Oh what a shady Circus!

A couple of years ago l featured a campaign, by historian and author Professor Tim Mowl, to get a statue of architect John Wood Senior installed in the middle of one of his greatest works in stone – The Circus.

I gave the story the headline – “You can’t see the Wood for the trees” – which was a play on words to be sure but – as Bath Newseum follower Richard Brown points out – there might not yet be a statue, but ……

“You will know that the trees, now over 200 years old, remain.  However, since 2012, their dominance in The Circus has increased.  The trees are now at record heights and their growth is hindering the appreciation of them and their ‘setting’.  

I have, since 2017, asked the Council to manage the trees, specifically lowering their top canopy (last done in 1990) and to raise the lower canopy. 

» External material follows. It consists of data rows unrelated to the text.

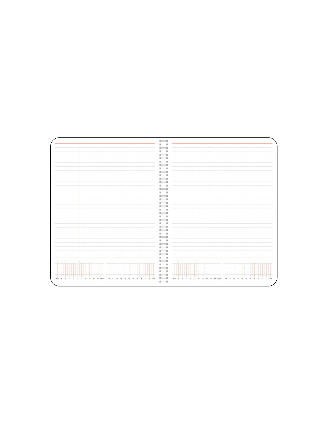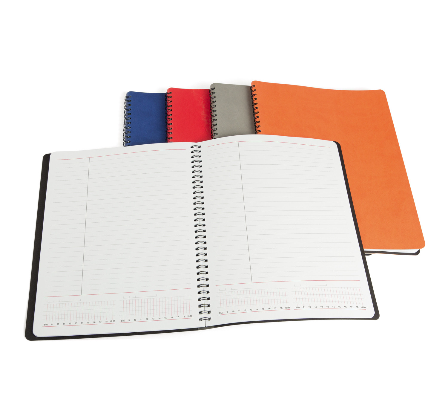 Spira metalică neagră permite o deschidere completă, oferind confort și stabilitate la scriere. Coperta specială din poliuretan (PU) este flexibilă, moale la atingere și rezistentă, conferind un aspect elegant și profesional. Atât blocul interior, cât și coperta dispun de colțuri rotunjite pentru un design rafinat, iar colțurile perforate facilitează marcarea paginilor utilizate.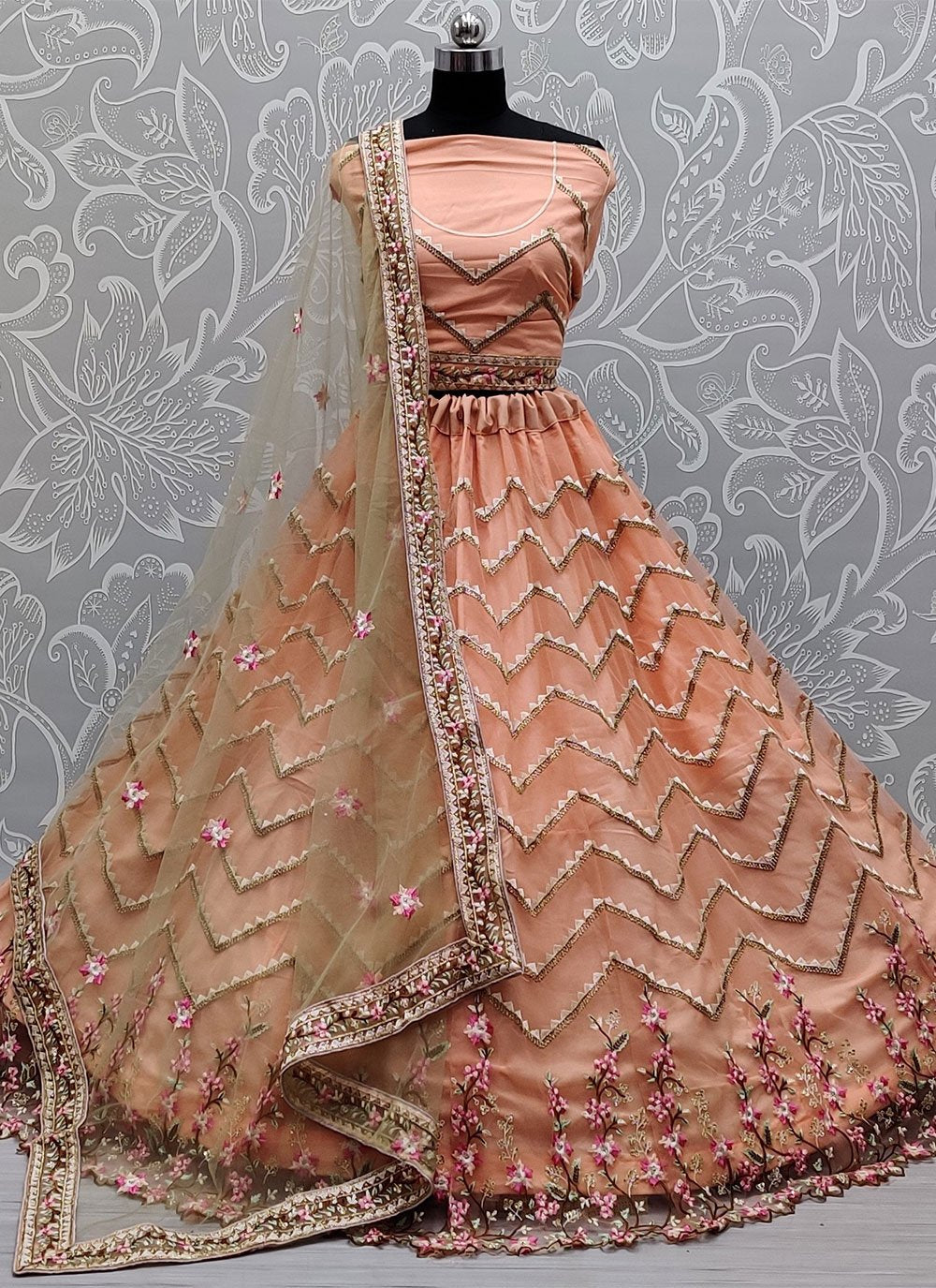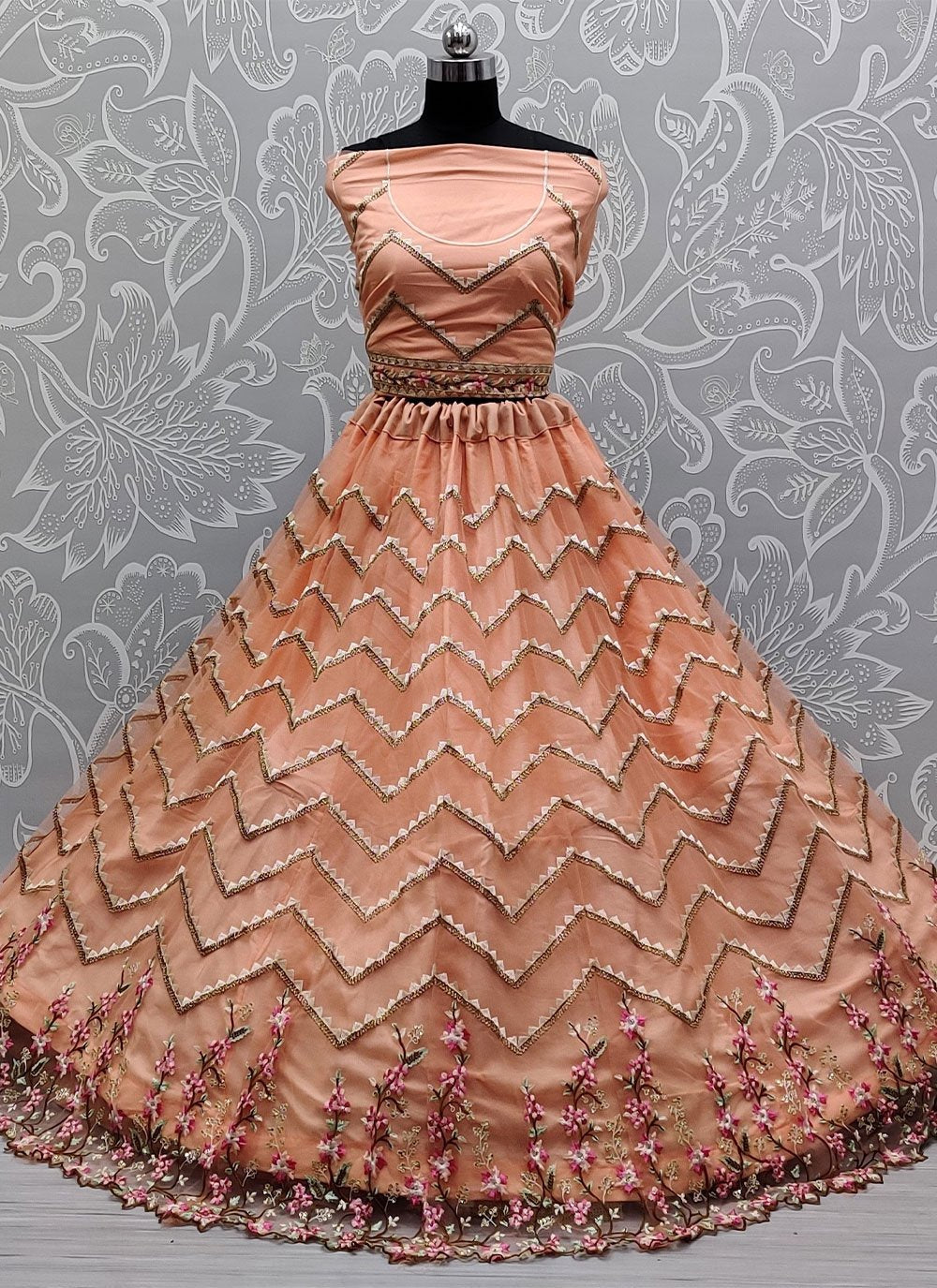 Lehenga Choli Net Peach Diamond Lehenga Choli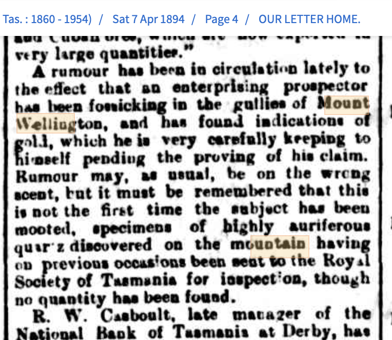 A few small mining concerns operated for a short time on the mountain. Lime and gold were mined above the Hobart Waterworks. It is believed that no gold or other precious metals of any great value were found. Slate was split during the convict era below the Junction Cabin area at Wiggins Slate quarry. Similarly, the quality was not great. The four photos above are from the Tasmanian Mail from the 1898 Mt Wellington gold mine.

Although the Council’s own inspection report from 2017 recommended that the lower canopy be raised (to 3-4 m above ground level), this has not been done and, further, the Council is reluctant to reduce the height of the trees. 

The uncontrolled growth of the trees has resulted in a situation preventing both locals and visitors from enjoying the views across the Circus green to the architecture beyond.  The attached photos, taken today, provide evidence.  In parts, the trees extend to the ground completely blocking any view.

I am not sure whether you would have more luck than myself in getting the Council to undertake any effective tree management.

Surely, as a World Heritage City, we can do better in showing our heritage assets?’

Meanwhile, Councillor Jess David, cabinet assistant for Neighbourhood Services, told Bath Newseum: “The council removed some of the lower canopy of the Circus Planes in Spring 2018 as part of routine works. We do not routinely reduce height on any large, healthy trees as it risks infections entering and encourages the tree to rapidly grow to the same size as it was before, meaning the practice would need to be repeated regularly. 

“We welcome Mr Brown’s concern and as we mentioned in our correspondence with him in June 2021, the trees were last inspected in October 2020 which identified minor pruning as being desirable.

Our teams are currently catching up with tree works that are necessary for health and safety reasons following delays caused by the pandemic, as well as managing the rapidly spreading and hugely damaging ash dieback disease across the district. We will carry out the minor pruning at The Circus as soon as possible.” 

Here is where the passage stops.